Hadoop ecosystem is a required component in this proposed design for several reasons.  Hadoop technology is a commonly used computing paradigm for massive volume data processing in the cloud computing (Bansal et al., 2014; Chrimes et al., 2018; Dhotre et al., 2015).  Hadoop is the only technology that enables large healthcare volumes of data to be stored in its native forms (Dezyre, 2016).  Hadoop is proven to develop better treatments for diseases such as cancer by accelerating the design and testing of effective treatments tailored to patients, expanding genetically based clinical cancer trials, and establishing a national cancer knowledge network to guide treatment decision (Dezyre, 2016).  With Hadoop system, hospitals in the four States will be able to monitor the patient vitals (Dezyre, 2016).  The Children’s Healthcare of Atlanta is an example of using the Hadoop ecosystem to treat over six thousand children in their ICU units (Dezyre, 2016).

The proposed design requires the integration of NoSQL database because it offers benefits such as mass storage support, reading and writing operations which are fast, and the expansion is easy with a low cost (Sahafizadeh & Nematbakhsh, 2015).

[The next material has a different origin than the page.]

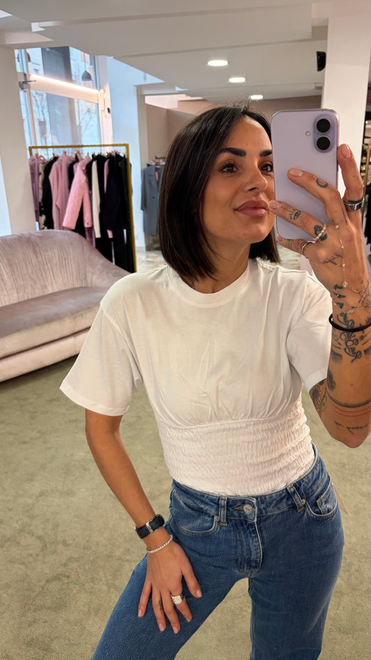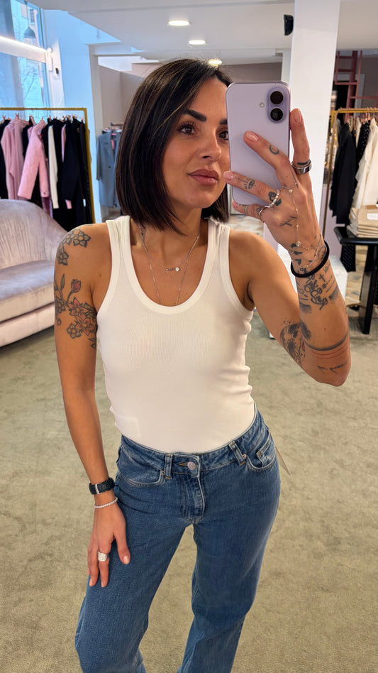 Canotta bianca a costine scollo tondo jx

HBase is proposed as a required NoSQL database as it is faster when reading more than six million variants which are required when analyzing large healthcare datasets (Luo et al., 2016).  Besides, query engine such as SeqWare can be integrated with HBase as needed to help bioinformatics researchers access large-scale whole-genome datasets (Luo et al., 2016).  HBase can store clinical sensors where the row key serves as the time stamp of a single value, and the column stores patients’ physiological values that correspond with the row key time stamp (Luo et al., 2016). HBase is scalable, high-performance and low-cost NoSQL data store that can be integrated with Hadoop sitting on top of HDFS (Yang et al., 2013). As a column-oriented NoSQL data store that runs on top of HDFS of Hadoop ecosystem, HBase is well suited to parse the healthcare large data sets (Yang et al., 2013). HBase supports applications written in Avro, REST and Thrift (Yang et al., 2013).  MongoDB is another NoSQL data store, which will be used to store metadata to improve the accessibility and readability of the HBase data schema (Luo et al., 2016).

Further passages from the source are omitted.